▶ **TASK DETAILS**:
Begin at the top of the records below and print each line exactly until the line containing "こんな感じでアイデアは付きま" has been printed; any pictures are to be left out.

[Stored dataset items]
________
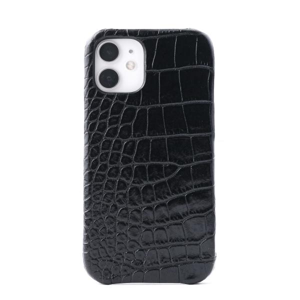 iPhone 12 / 12Pro イタリアンレザー クロコバックカバーケース ブラック 仕入先在庫品
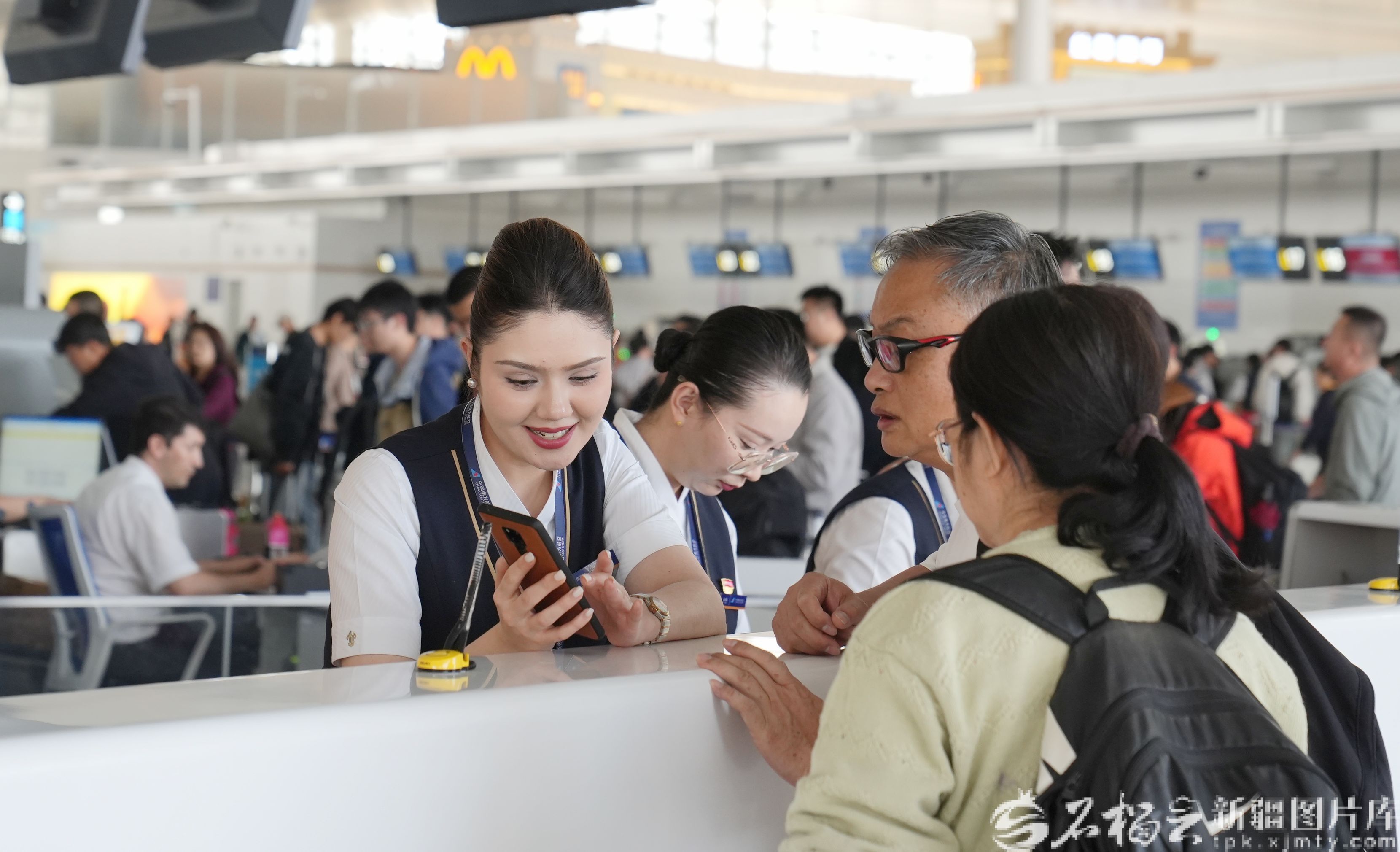 10月1日,乌鲁木齐天山国际机场内,工作人员为旅客办理出行手续。王萍 摄
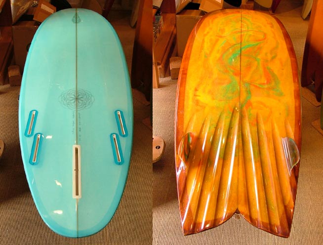 こんな感じでアイデアは付きませんが、お店にも自分のサーフボードのコーナーを作ってみようかと思っています。定期的に入れ替えて、オーダーのときの参考になるし面白そうでしょ?
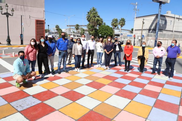 REYNOSA, TAM.- Con la estrategia de Urbanismo Táctico, Reynosa Placemaking resalta la importancia de cuidar y respetar a los peatones, asignando mayores y más atractivos espacios para un desplazamiento más seguro, y con esa finalidad los cruces estratégicos han sido ampliados y señalados con atractivas figuras y colores.
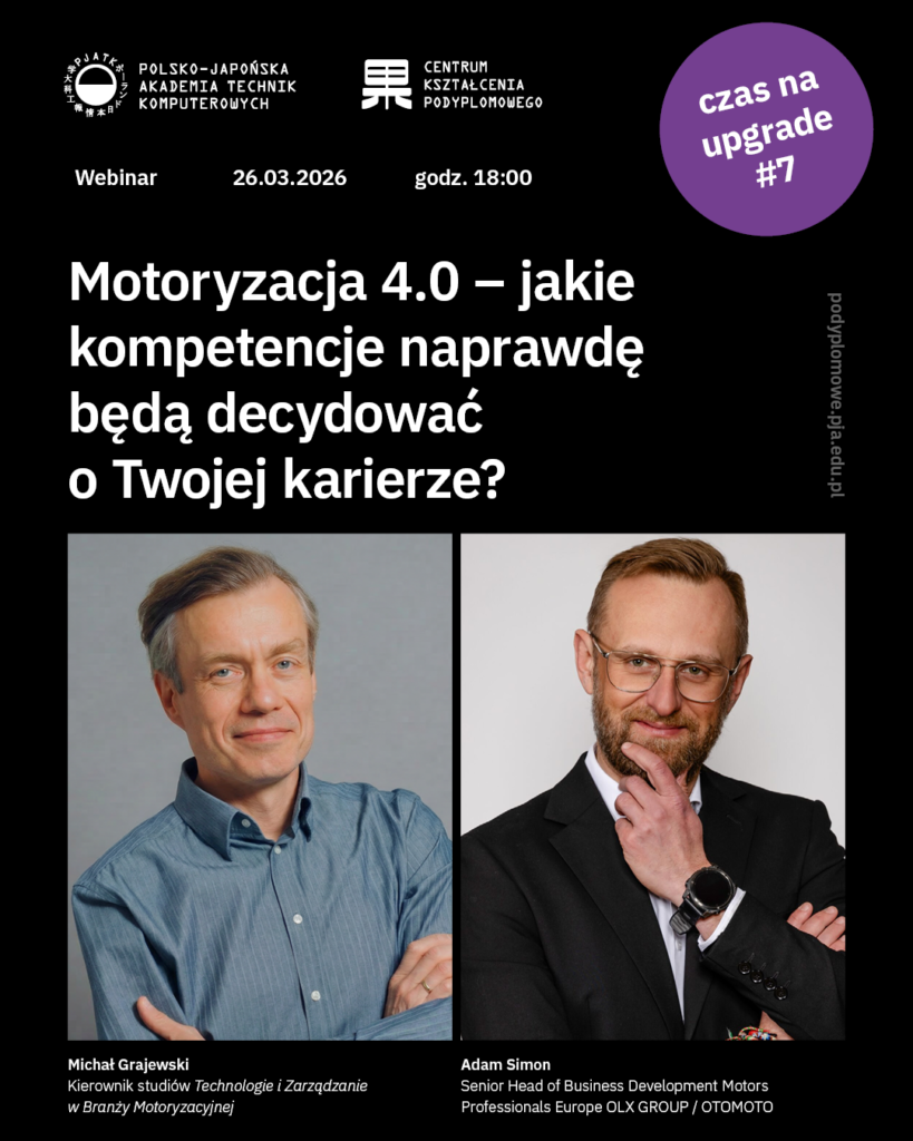 Już 26 marca o godz. 18:00 zapraszamy na kolejny webinar PJATK pt. „Motoryzacja 4.0 – jakie kompetencje naprawdę będą decydować o Twojej karierze?”.
________
▶ **RESPONSE TO THE TASK**:
 iPhone 12 / 12Pro イタリアンレザー クロコバックカバーケース ブラック 仕入先在庫品
 10月1日,乌鲁木齐天山国际机场内,工作人员为旅客办理出行手续。王萍 摄
 こんな感じでアイデアは付きませんが、お店にも自分のサーフボードのコーナーを作ってみようかと思っています。定期的に入れ替えて、オーダーのときの参考になるし面白そうでしょ?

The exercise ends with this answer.